The occasions of March 2020 make a hanging distinction to the nadir of the nice monetary disaster in September 2008, when Treasury markets didn’t undergo from dysfunction and illiquidity. Our mannequin helps to know the variations between these two episodes. First, our mannequin highlights the central function of supplier steadiness sheet constraints that will partly be a results of post-crisis laws. Second, the liquidity wants through the COVID-19 disaster seem to have been a lot bigger—for instance, due to the disruptions from lockdowns globally. Our mannequin due to this fact means that in March 2020, the mixture of unprecedented liquidity wants and significantly extra constrained sellers tilted the Treasury market right into a fragile area the place traders promote strategically, and flight to security precipitates a splash for money.

Classes for the Future

Fragility in our mannequin hinges on the intertemporal concerns of strategic liquidity traders who examine costs as we speak to costs tomorrow. Normally, there’s scope for coverage interventions that improve costs each within the current and sooner or later. Nevertheless, the timing of coverage interventions is vital, and bulletins can have giant results properly earlier than the interventions are executed. We present that an asset buy facility can have a big impact upon announcement by shifting strategic traders from the “run” equilibrium to the “maintain” equilibrium, even when the power doesn’t turn into lively till a future date. Equally, coverage interventions that calm down supplier steadiness sheet constraints may be stabilizing as long as they calm down steadiness sheet constraints sooner or later as properly.
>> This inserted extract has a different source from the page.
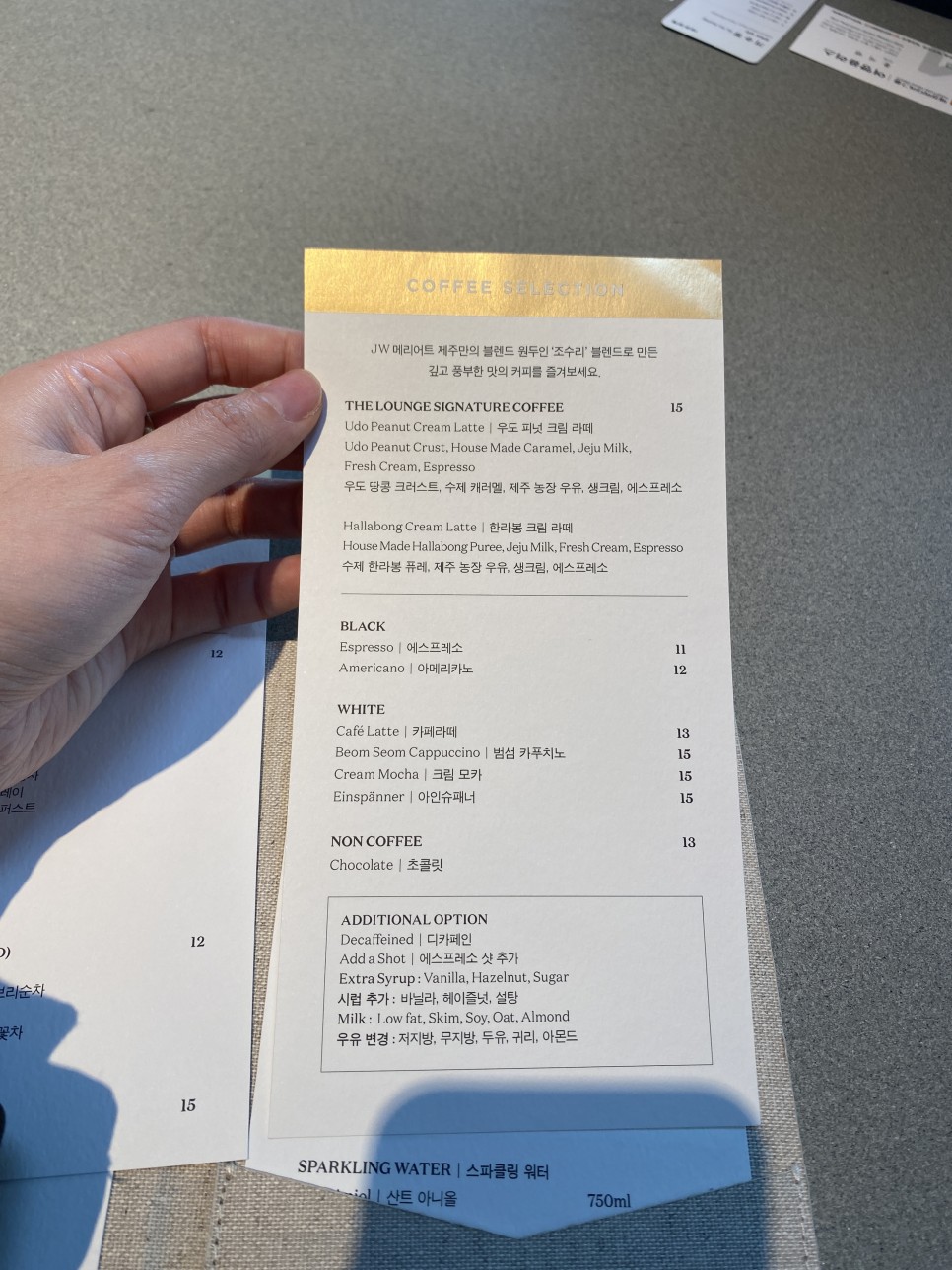 객실을 예약하지 못했다면, 시간이 없어 딱 한 곳만 방문해야 한다면 더 라운지를 추천한다. 시원한 바다 뷰가 펼쳐지는 더 라운지에서는 맛있는 커피와 차, 애프터눈 티세트 등을 판다. 제주 레몬과 당근, 가파도 청보리 그리고 우도 땅콩 등을 이용한 디저트 메뉴가 있다.

Lastly, our mannequin exhibits that markets the place buying and selling happens in a decentralized, sequential manner and the place sellers play a big function in intermediating flows are inherently fragile. Adjustments to market construction whereby trades are pooled to cut back the function of sellers can due to this fact cut back the fragility of secure asset markets. Duffie (2020) argues that the expansion of the Treasury market since 2008 has enormously outpaced the capability of supplier steadiness sheets to soak up the extra provide and that this pattern is anticipated to proceed. The strategic mechanism in our mannequin is due to this fact more likely to turn into more and more related, suggesting that—absent coverage interventions—episodes comparable to March 2020 might turn into extra frequent.

Photo of Thomas Eisenbach

Thomas M. Eisenbach is a monetary analysis advisor in Cash and Funds Research within the Federal Reserve Financial institution of New York’s Analysis and Statistics Group.

Gregory Phelan is an affiliate professor of economics at Williams Faculty, presently working as a senior researcher within the U.S. Treasury’s Workplace of Monetary Analysis. 

How you can cite this publish:
Thomas Eisenbach and Gregory Phelan, “How Can Protected Asset Markets Be Fragile?,” Federal Reserve Financial institution of New York Liberty Avenue Economics, September 8, 2022, https://libertystreeteconomics.newyorkfed.org/2022/09/how-can-safe-asset-markets-be-fragile/.

The views expressed on this publish are these of the writer(s) and don’t essentially replicate the place of the Federal Reserve Financial institution of New York or the Federal Reserve System. Any errors or omissions are the duty of the writer(s).